- **Task to carry out**:
Transcribe all data verbatim. Skip the pictures.

Provided records section start

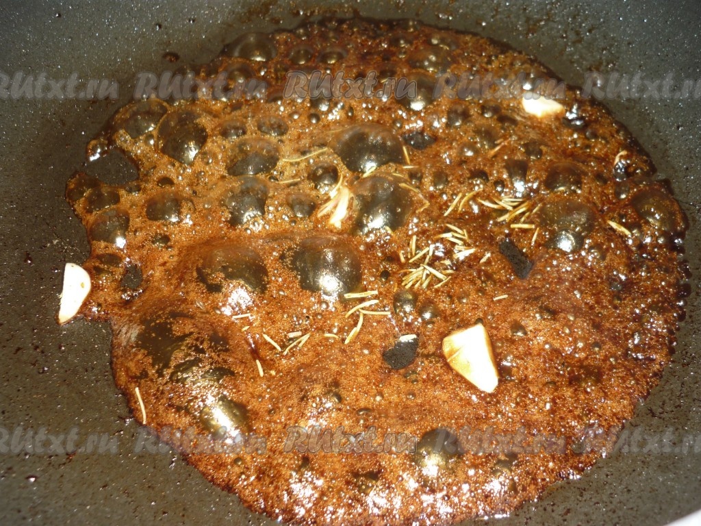 В сковороду налить растительное масло, соевый соус, мёд и добавить горчицу. Всё перемешать. Зубчики чеснока очистить и разрезать на несколько частей, отправить в сковороду вместе с розмарином.
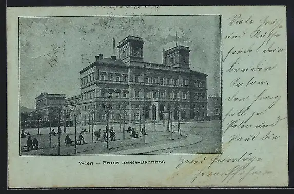 Mondschein-AK Wien, Franz Josefs-Bahnhof und Litfasssäule
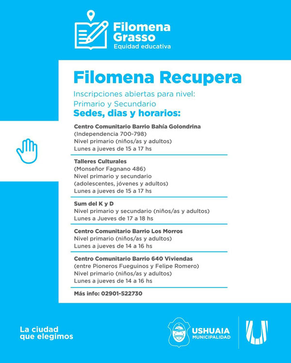 USHUAIA.- La Secretaría de Cultura y Educación de la Municipalidad de Ushuaia informa a la comunidad que se encuentran abiertas las inscripciones al “Filomena Recupera”, programa de apoyo escolar gratuito para los niveles primario y secundario contando con cupos para todas las edades en ambos casos. Quiénes deseen inscribirse, podrán hacerlo a través del teléfono 2901-522730, así como acceder a más información.
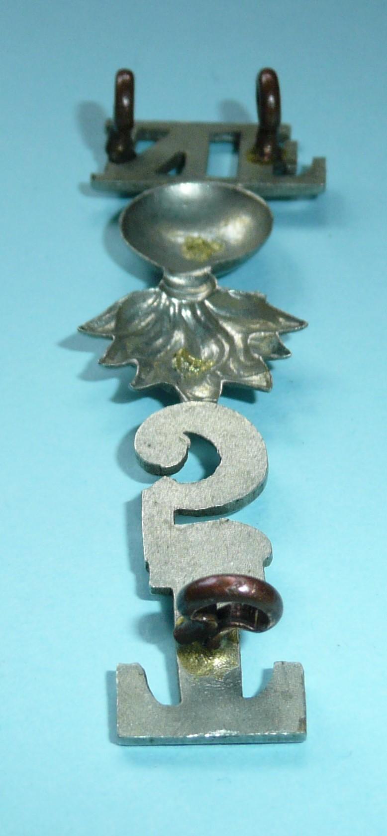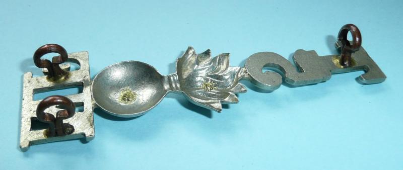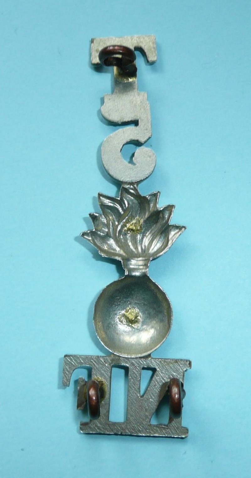 A scarce one piece white metal shoulder title as worn by other ranks of the 5th (Territorial Force) Battalion, the Northumberland Fusiliers. Three original dark toned D style loops to the reverse. Grenade has been modified by the removal of its lugs by the manufacturer. The other ones of this type viewed have this modification. Worn circa 1908 - 1925 on the blue serge jacket. Scarce.
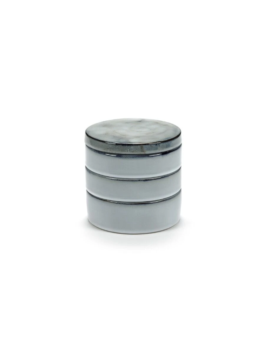 De Serax Pure kommenset is gemaakt van Blue Glazed, lichtblauw, keramiek. De kommen hebben een diameter van 14 cm, in totaal heeft de set een hoogte van 15 cm. Ontworpen door Pascale Naessens. De kommen zijn los te gebruiken of als voorraadpot te gebruiken inclusief de deksel. De set bestaat uit 3 kommen en 1 deksel.
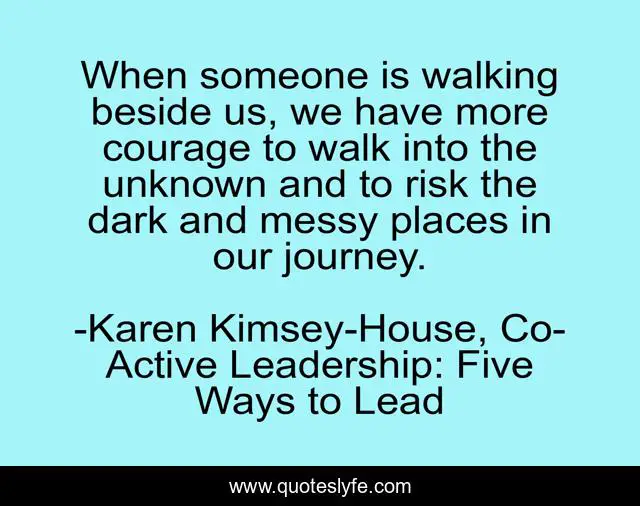 This page presents the quote "When someone is walking beside us, we have more courage to walk into the unknown and to risk the dark and messy places in our journey.". Author of this quote is Karen Kimsey-House, Co-Active Leadership: Five Ways to Lead. This quote is about walking, risk, unknown, connections, courage, leadership, self-help, messy, journey,.
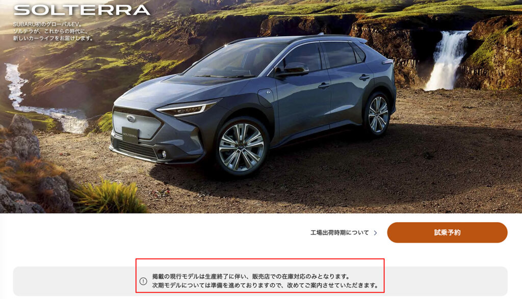 で、そういえばSUBARUのBEVであるソルテラはbZ4Xの姉妹車だけど、そっちはどうなるの?と思ったら、在庫限りの表示。
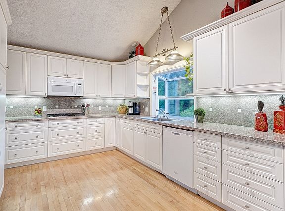 This 2,340 home features an entertainment deck, patio, open floorplan with kitchen, eat-in dining room, living room, plus 4 bedrooms, including the master suite. There is also a lower level recreation room with huge wet bar and attached 2-car garage and an upgraded Hardiplank siding on front of the home as well! Enter the large foyer and bright living room with double doors etched in glass design, closet for storage of shoes and coats, and slate flooring. The open living room has vaulted ceilings and a wall of windows overlooking the front grounds. At the center is a wood-burning fireplace with floor to ceiling brick surround. The kitchen is abundant of storage- white raised-panel cabinetry with crown molding, built-in pantry, in-cabinet drawers, overhead storage and display shelving. It also has soaring vaulted ceilings and garden window above the sink. All appliances stay, including the in-wall convection oven, refrigerator, 4- burner gas cook top, newer dishwasher and micro-hood. It also has granite with full-length backsplash and decorative inset counter space. Hardwood floors flow throughout the kitchen to the eat-in dining room. The eat-in dining room has French doors leading to the entertainment deck, which overlooks your private backyard s and steps down to the yard below. This room also has a contemporary chandelier with dimmer. The 3 large bedrooms are located down the hallway. The Master suite features a window overlooking the backyard, private en-suite bath, and a closet with built-in drawers, adjustable shelves, and mirrored doors. The full bathroom boasts lots of storage, including a wall cabinet, plus composite countertop, window, adjustable rainfall showerhead, and durable vinyl floor. The secondary bedrooms have lots of windows overlooking the front grounds. It has full size closets in each too. The full guest bathroom is convenient to the upper secondary bedrooms and features composite countertop, under mount sink with new faucet, wood-wrapped mirror, and plenty of storage. There also is a full closet and linen closet. The recreation room, 4th bedroom, ¾ bath, utility room, and access to the 2-car attached garage, recreation rooms are at the lower level. The recreation room features 2 under-stair storage closets, large wet-bar, new mini fridge and dishwasher. This room boasts 4 large windows and a gas fireplace with granite surround and craftsman mantle. All this plus the private Renton Community! What's NOT to love? Don't miss out on this one!
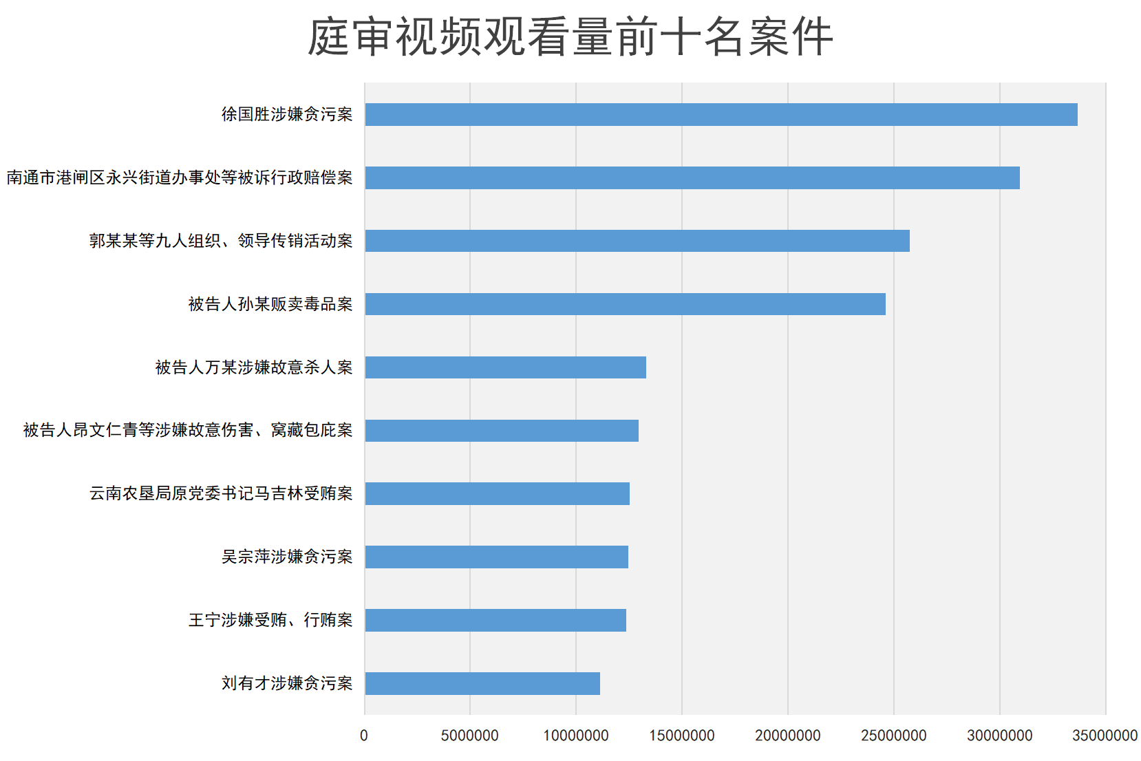 表4 最高人民法院庭审直播观看量排名前20(单位:人次)
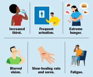 If symptoms of severe hyperglycemia appear, check your blood sugar immediately. If it is 240 mg/dL (13.3 mmol/L) or higher, use a urine ketones test kit. A positive test could indicate diabetic ketoacidosis, which requires medical attention.

Provided records section end

- **Written solution**:
 В сковороду налить растительное масло, соевый соус, мёд и добавить горчицу. Всё перемешать. Зубчики чеснока очистить и разрезать на несколько частей, отправить в сковороду вместе с розмарином.
 Mondschein-AK Wien, Franz Josefs-Bahnhof und Litfasssäule
 USHUAIA.- La Secretaría de Cultura y Educación de la Municipalidad de Ushuaia informa a la comunidad que se encuentran abiertas las inscripciones al “Filomena Recupera”, programa de apoyo escolar gratuito para los niveles primario y secundario contando con cupos para todas las edades en ambos casos. Quiénes deseen inscribirse, podrán hacerlo a través del teléfono 2901-522730, así como acceder a más información.
 A scarce one piece white metal shoulder title as worn by other ranks of the 5th (Territorial Force) Battalion, the Northumberland Fusiliers. Three original dark toned D style loops to the reverse. Grenade has been modified by the removal of its lugs by the manufacturer. The other ones of this type viewed have this modification. Worn circa 1908 - 1925 on the blue serge jacket. Scarce.
 De Serax Pure kommenset is gemaakt van Blue Glazed, lichtblauw, keramiek. De kommen hebben een diameter van 14 cm, in totaal heeft de set een hoogte van 15 cm. Ontworpen door Pascale Naessens. De kommen zijn los te gebruiken of als voorraadpot te gebruiken inclusief de deksel. De set bestaat uit 3 kommen en 1 deksel.
 This page presents the quote "When someone is walking beside us, we have more courage to walk into the unknown and to risk the dark and messy places in our journey.". Author of this quote is Karen Kimsey-House, Co-Active Leadership: Five Ways to Lead. This quote is about walking, risk, unknown, connections, courage, leadership, self-help, messy, journey,.
 で、そういえばSUBARUのBEVであるソルテラはbZ4Xの姉妹車だけど、そっちはどうなるの?と思ったら、在庫限りの表示。
 This 2,340 home features an entertainment deck, patio, open floorplan with kitchen, eat-in dining room, living room, plus 4 bedrooms, including the master suite. There is also a lower level recreation room with huge wet bar and attached 2-car garage and an upgraded Hardiplank siding on front of the home as well! Enter the large foyer and bright living room with double doors etched in glass design, closet for storage of shoes and coats, and slate flooring. The open living room has vaulted ceilings and a wall of windows overlooking the front grounds. At the center is a wood-burning fireplace with floor to ceiling brick surround. The kitchen is abundant of storage- white raised-panel cabinetry with crown molding, built-in pantry, in-cabinet drawers, overhead storage and display shelving. It also has soaring vaulted ceilings and garden window above the sink. All appliances stay, including the in-wall convection oven, refrigerator, 4- burner gas cook top, newer dishwasher and micro-hood. It also has granite with full-length backsplash and decorative inset counter space. Hardwood floors flow throughout the kitchen to the eat-in dining room. The eat-in dining room has French doors leading to the entertainment deck, which overlooks your private backyard s and steps down to the yard below. This room also has a contemporary chandelier with dimmer. The 3 large bedrooms are located down the hallway. The Master suite features a window overlooking the backyard, private en-suite bath, and a closet with built-in drawers, adjustable shelves, and mirrored doors. The full bathroom boasts lots of storage, including a wall cabinet, plus composite countertop, window, adjustable rainfall showerhead, and durable vinyl floor. The secondary bedrooms have lots of windows overlooking the front grounds. It has full size closets in each too. The full guest bathroom is convenient to the upper secondary bedrooms and features composite countertop, under mount sink with new faucet, wood-wrapped mirror, and plenty of storage. There also is a full closet and linen closet. The recreation room, 4th bedroom, ¾ bath, utility room, and access to the 2-car attached garage, recreation rooms are at the lower level. The recreation room features 2 under-stair storage closets, large wet-bar, new mini fridge and dishwasher. This room boasts 4 large windows and a gas fireplace with granite surround and craftsman mantle. All this plus the private Renton Community! What's NOT to love? Don't miss out on this one!
 表4 最高人民法院庭审直播观看量排名前20(单位:人次)
 If symptoms of severe hyperglycemia appear, check your blood sugar immediately. If it is 240 mg/dL (13.3 mmol/L) or higher, use a urine ketones test kit. A positive test could indicate diabetic ketoacidosis, which requires medical attention.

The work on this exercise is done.